Claudia, 33 years
At the beginning of 2013, whilst inspecting my breast, I discovered a nodule. At this time I had never heard about fibroadenoma, so I was afraid that it was something more serious. Subsequently, I asked for the advice of a gynecologist. After the ultrasound, he confirmed that it was not cancer but probably just a fibroadenoma. To eliminate any doubt, I also had a biopsy undertaken on the lump. At this time, it was not a cause for concern, as it was a rather small lump which wasn’t visible and that was not painful.
Over the following 3 or 4 months I had it monitored and discovered that it had grown rapidly. When the ultrasound confirmed that it had become large, the doctor advised me that it should be removed. I wondered how they were going to remove it. The thought of a surgical procedure cutting open my breast and removing the fibroadenoma was a rather shocking thought for me.

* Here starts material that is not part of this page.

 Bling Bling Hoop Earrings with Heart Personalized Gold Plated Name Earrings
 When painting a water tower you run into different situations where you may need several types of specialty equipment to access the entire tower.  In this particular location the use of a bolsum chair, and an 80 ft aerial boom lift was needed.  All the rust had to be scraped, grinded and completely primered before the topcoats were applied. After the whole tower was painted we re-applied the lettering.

During this time, the fibroadenoma had become very big. It was now visible when I was wearing necklines. Then I read an article on echotherapy, and sent a request for more information to the center about it. At that time, echotherapy was a relatively new technology, but I had no concern as I thought this ultrasound technique would be much more preferable rather than surgery and the thought of irreversible scars and potential cavities in my breast.

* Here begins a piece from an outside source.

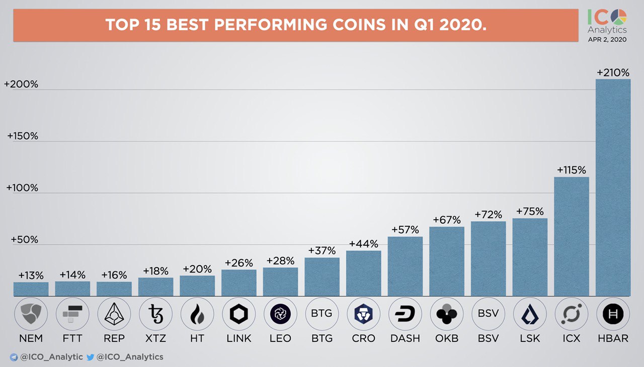 TOP 15 best performing crypto assets in Q1 2020. The assets with market cap $100M+ USD are included in this cart.

I decided to arrange an appointment with the echotherapy center. The treatment was not unpleasant, only the lying position without moving was a little uncomfortable. The procedure lasted about one hour, I thought it would be worse! My appointment was on a Friday and I went home immediately after the procedure, my breasts were slightly swollen and a bit warm but otherwise everything was normal.

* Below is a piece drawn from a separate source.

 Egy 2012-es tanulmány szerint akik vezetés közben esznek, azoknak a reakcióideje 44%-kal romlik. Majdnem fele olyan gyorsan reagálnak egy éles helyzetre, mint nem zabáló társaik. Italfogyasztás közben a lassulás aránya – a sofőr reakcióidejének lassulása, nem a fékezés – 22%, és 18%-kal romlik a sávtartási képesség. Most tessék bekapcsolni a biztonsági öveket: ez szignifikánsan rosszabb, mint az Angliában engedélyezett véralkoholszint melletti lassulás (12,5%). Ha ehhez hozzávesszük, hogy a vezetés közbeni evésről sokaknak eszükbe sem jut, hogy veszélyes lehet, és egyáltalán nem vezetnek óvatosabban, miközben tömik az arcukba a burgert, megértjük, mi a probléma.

After one or two weeks, the fibroadenoma started to shrink and has continued becoming smaller and smaller since then. Now, it is only 2 cm. I cannot feel it anymore and it is not painful. I would recommend the treatment with echotherapy, even if the fibroadenoma is not physically painful. Unconsciously, it is troublesome to know it is there, maybe growing. This feeling has disappeared now and it is a great relief. My gynecologist also declares that surgery would have not been done so well and that there would have been scars. I am thus very happy. I am also surprised that echotherapy is not yet widely available.